- [Problem requirements]
Give again, unaltered, the line with "201465下午,机电学院分" and all lines that follow it in the listing below, minus any pictures.
====== Provided material ======
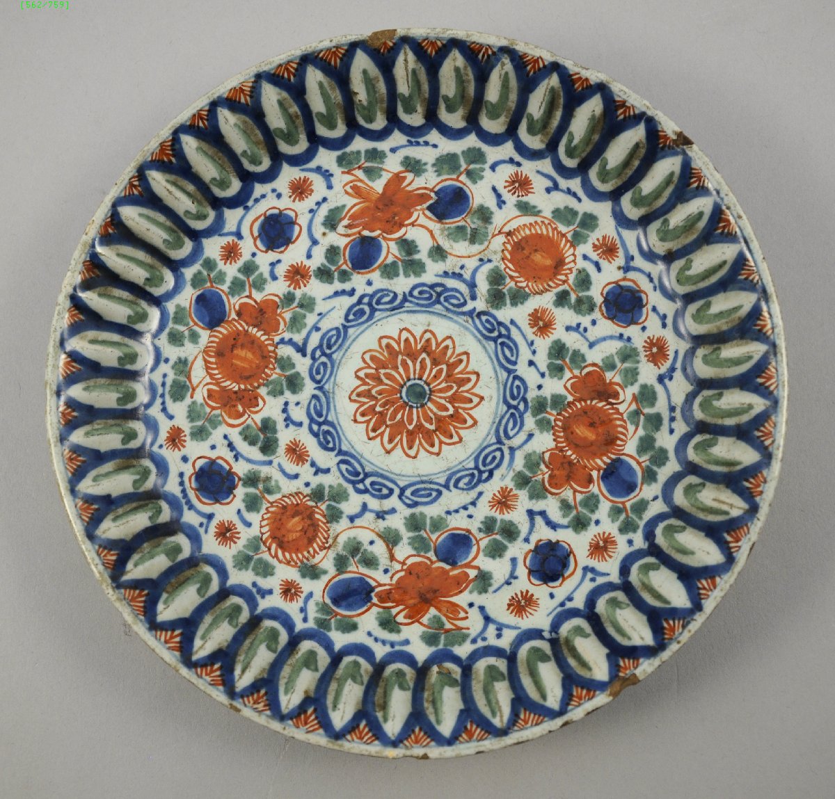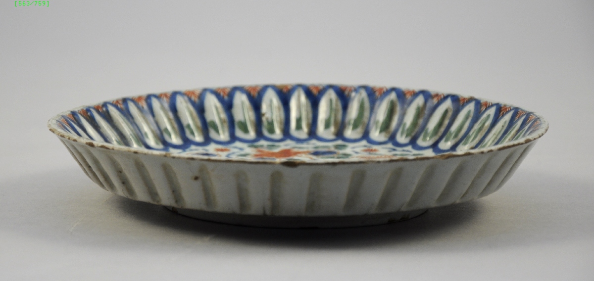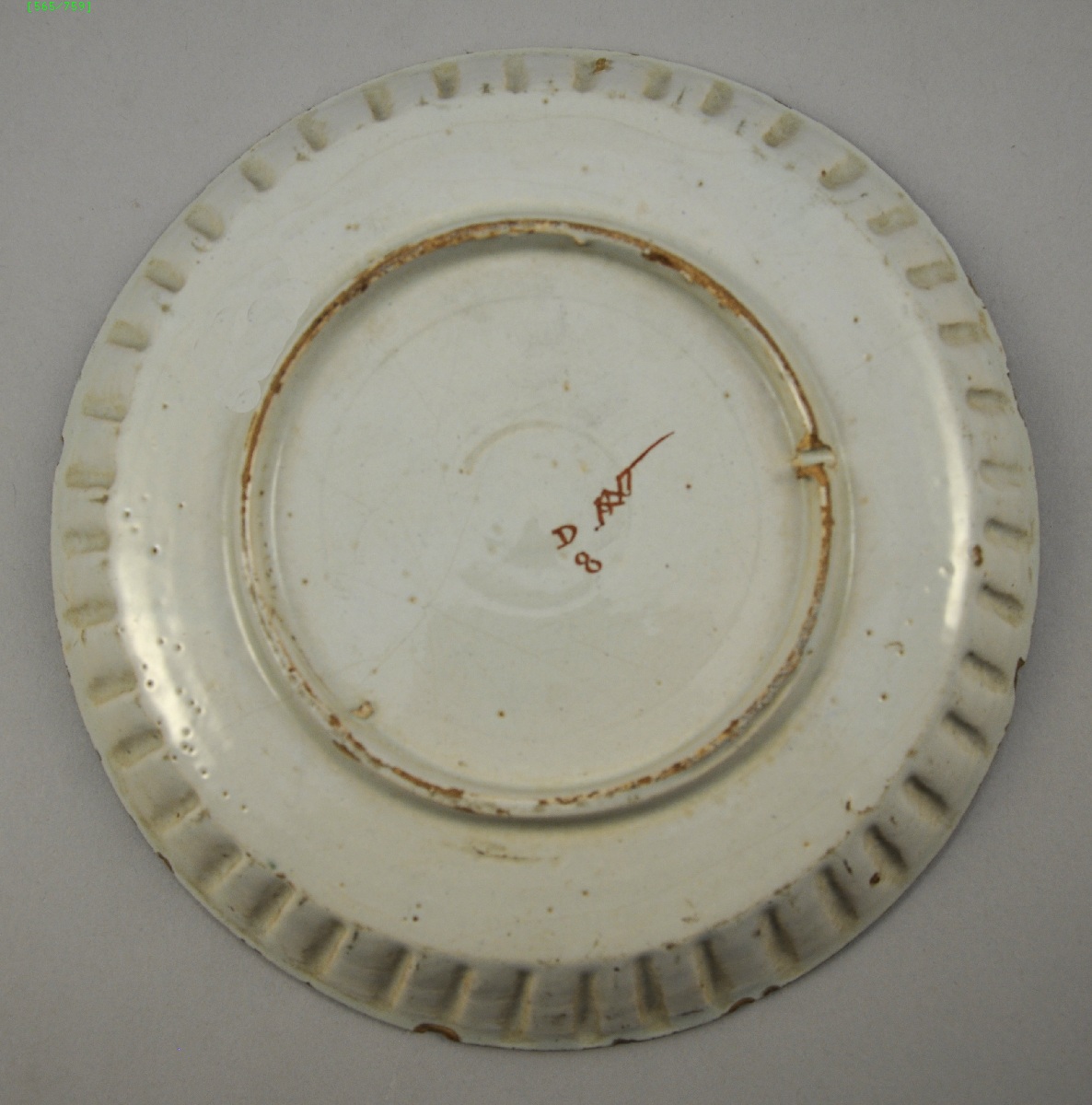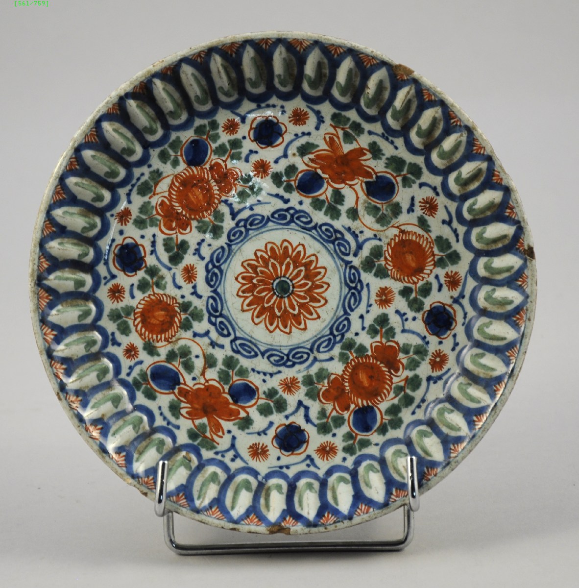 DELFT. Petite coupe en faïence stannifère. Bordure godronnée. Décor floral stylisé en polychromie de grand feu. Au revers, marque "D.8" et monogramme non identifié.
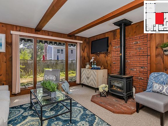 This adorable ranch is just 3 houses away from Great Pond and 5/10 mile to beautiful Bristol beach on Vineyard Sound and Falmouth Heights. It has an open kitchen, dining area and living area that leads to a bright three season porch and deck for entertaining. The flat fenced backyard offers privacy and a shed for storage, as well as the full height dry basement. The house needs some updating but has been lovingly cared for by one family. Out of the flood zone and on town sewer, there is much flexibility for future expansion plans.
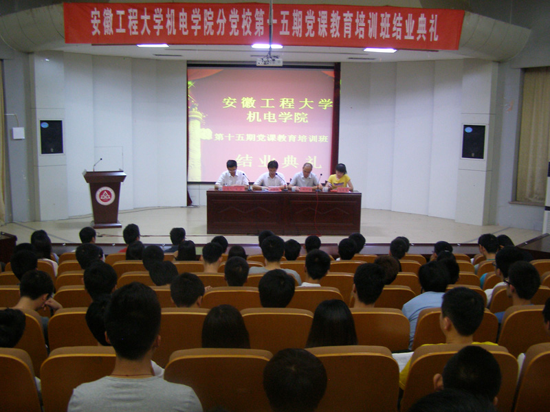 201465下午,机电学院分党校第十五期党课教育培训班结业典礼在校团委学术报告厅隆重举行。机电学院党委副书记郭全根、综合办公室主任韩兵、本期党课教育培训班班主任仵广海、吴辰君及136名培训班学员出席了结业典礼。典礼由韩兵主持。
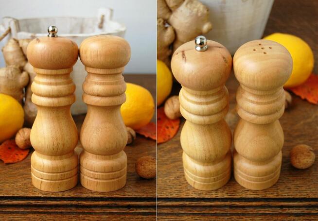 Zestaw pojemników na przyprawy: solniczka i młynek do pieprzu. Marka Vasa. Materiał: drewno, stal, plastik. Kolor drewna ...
======
- [Completed exercise]
 201465下午,机电学院分党校第十五期党课教育培训班结业典礼在校团委学术报告厅隆重举行。机电学院党委副书记郭全根、综合办公室主任韩兵、本期党课教育培训班班主任仵广海、吴辰君及136名培训班学员出席了结业典礼。典礼由韩兵主持。
 Zestaw pojemników na przyprawy: solniczka i młynek do pieprzu. Marka Vasa. Materiał: drewno, stal, plastik. Kolor drewna ...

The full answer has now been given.